John Garner

PEG-PLGA from PolySciTech used in development of dual-drug loaded nanoparticles for cisplatin-resistant ovarian cancer treatment

Blog Post created by John Garner on Apr 9, 2018

2018 Wortmannin-cisplatin ovarian cancer treatment.jpg

Despite effective first-line therapies based on platinum-type drugs, ovarian cancer remains one of the deadliest gynecological diseases in the USA. The incidence of relapse is high, as is the development of platinum-resistant ovarian cancer lines that cannot be treated well using cisplatin. Recently, researchers at University of North Carolina at Chapel Hill, Westminster College, Peking Union Medical College and China Medical University (China) used mPEG-PLGA (Polyvivo AK029)  and PLGA ( PolyVivo AP087) from PolySciTech ( to develop nanoparticles that deliver both wortmannin and cisplatin.

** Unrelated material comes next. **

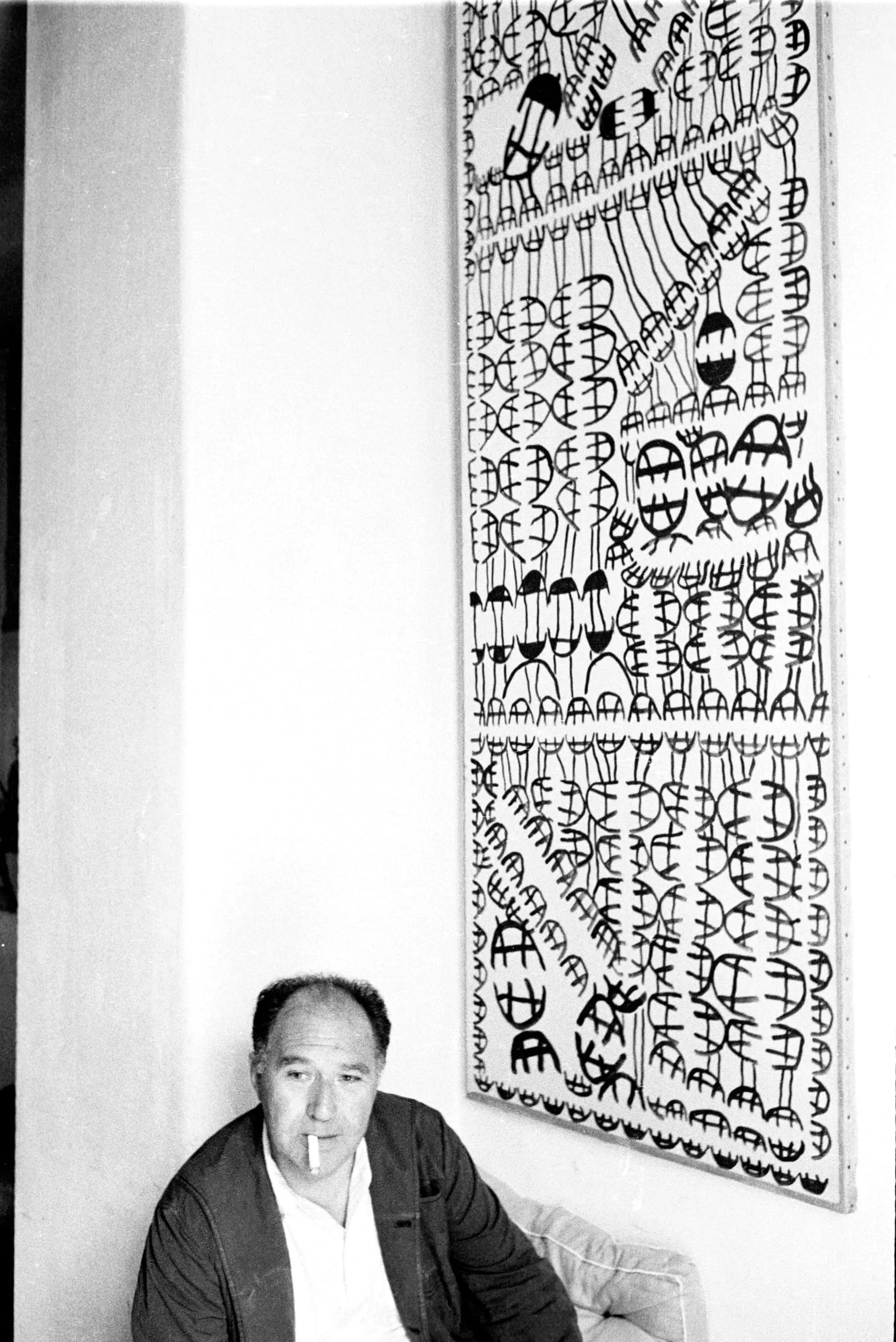 Black and white photograph of a man seated beneath a large two-panel painting densely covered in repeating abstract black marks on a light background

They found this co-delivery system was very effective against ovarian cancer models in which the cancer was resistant to platinum-based drugs, as the wortmannin prevented the cancer from repairing its own DNA. This research holds promise for development of therapies against drug-resistant cancers. Read more: Zhang, Maofan, C. Tilden Hagan, Yuangzeng Min, Hayley Foley, Xi Tian, Feifei Yang, Yu Mi et al. "Nanoparticle co-delivery of wortmannin and cisplatin synergistically enhances chemoradiotherapy and reverses platinum resistance in ovarian cancer models." Biomaterials (2018).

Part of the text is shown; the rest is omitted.